Eventually, you turn into an uncontrollable member of society. Whatever you do is considered dangerous, even the things you’re doing just to get by. And maybe they have good reason to be afraid, since all the obstacles they’ve put in your way have just made you more creative. They call what you do subversive, or rather, “soft subversion.” This is correct, but the activities carried out by me and people like me are not directed toward individuals.

I am a poet, translator, and yoga teacher. My life is a combination of all these components. The goals I strive for in yoga harmonize completely with my writing. In my yoga classes for children, I used the works of Oscar Brenifier, the French philosopher. For grown-ups, I organized a library where books could be borrowed free of cost. There were many titles in the library, representing both Iranian and foreign fiction. One day a week, I arranged a book club meeting that lasted for two hours and was highly appreciated. The talk centered around the book that everyone had read in advance. I’m fully convinced everyone went away from these two hours with a more open frame of mind. For a few years, I managed to get many women to take up their reading again. Many of them I worked with gradually regained their strength and became healthier and happier people. I’m certain that constructive change has to take place like that, slowly and from within. Even though my work was hard, I woke up every day full of a sense that must be called love and which helped me work into the evening. I never experienced hard work and fatigue as problems. The problem, rather, was that I never knew whether there was a secret informer among the participants—that I always had to be on guard.

One day, I received a letter saying that yoga was a false form of spirituality and that all activity associated with yoga must be stopped.
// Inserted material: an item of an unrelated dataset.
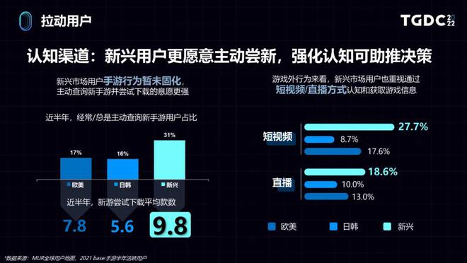 认知阶段:会发现不同区域用户的认知习惯差异还是比较明显的,首先在意愿上,新兴市场用户相比欧美日韩市场更主动,尝新意愿强,每半年会尝试下载近10款新游。这表明,他们从游戏认知到决策的链路较短,认知拉动下载的效果更好。因此,在新兴市场拉动用户时,强化产品认知会比较重要。那除了传统的应用商店,长视频网站和社交媒体外,还有更多丰富产品曝光点位的渠道嘛?
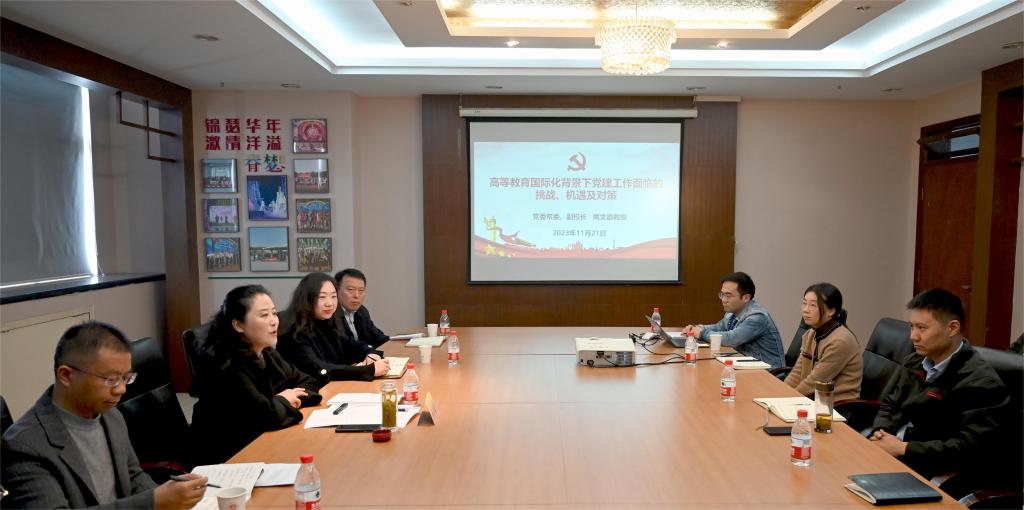 姚文韵副校长表示,当今世界经济全球化进程不断加快,高等教育国际化趋势不断显现,高校国际交流日益增多,中外师生交流日益频繁密切,给高校党建工作带来了新的挑战和机遇。我们要把握机会、应对挑战,不断创新和拓展党建工作的渠道与空间,谱写高等教育国际化背景下高校党建工作的新篇章。

At that point, I was giving yoga courses in three towns in my native province. From that day on, I was treated as if I had the plague. Just carrying out daily chores became a challenge. In my home country, all forms of clubs, whether they have to do with sports or culture, are a threat to the regime.

Iran is now governed by the same ignorance and same incompetence that prevailed when scientists like Galileo Galilei were compelled to point out that the Earth is not the center of the universe.

I continued to give yoga classes in secret, which kept my tormentors busy. Rumors spread and a defamation campaign was begun in my hometown. When I went to register my daughter in a new school, I noticed how reluctantly the principal received me. Later, he admitted that he had been called to a meeting where he had been pressed not to let pupils participate in my yoga classes, since it led them astray. He also admitted that he thought I was a Satanist.

The prevailing system tries by all means to isolate us. But we are also imprisoned mentally—a method that isn’t as obvious on the outside.

And now I’m here. Small rooms, small suitcases, strained hearts and words which, in a cold country, don’t seem to reach their recipient. Everything you’ve possessed up to now, hopes, memories, relations, all the words you thought you knew the meaning of, are of little value now and your existence is defined by three meals a day at certain hours. But I’m here now. My life is no longer in danger and I can finally breathe freely, even if I don’t feel freedom yet. I’m still waiting.

I’m here now —far from the people I love but close to people whose language I don’t understand. There is no loneliness greater than when you don’t understand a language and can’t make yourself understood. You are a tiny island in a great ocean; no one stops you from being who you are, but no one sees that you’re there.

Nonetheless, I am hopeful. One day, we will pack our suitcases again and say goodbye to this country, and to exile. One day, we will be able to go back to the streets where we left our childhood.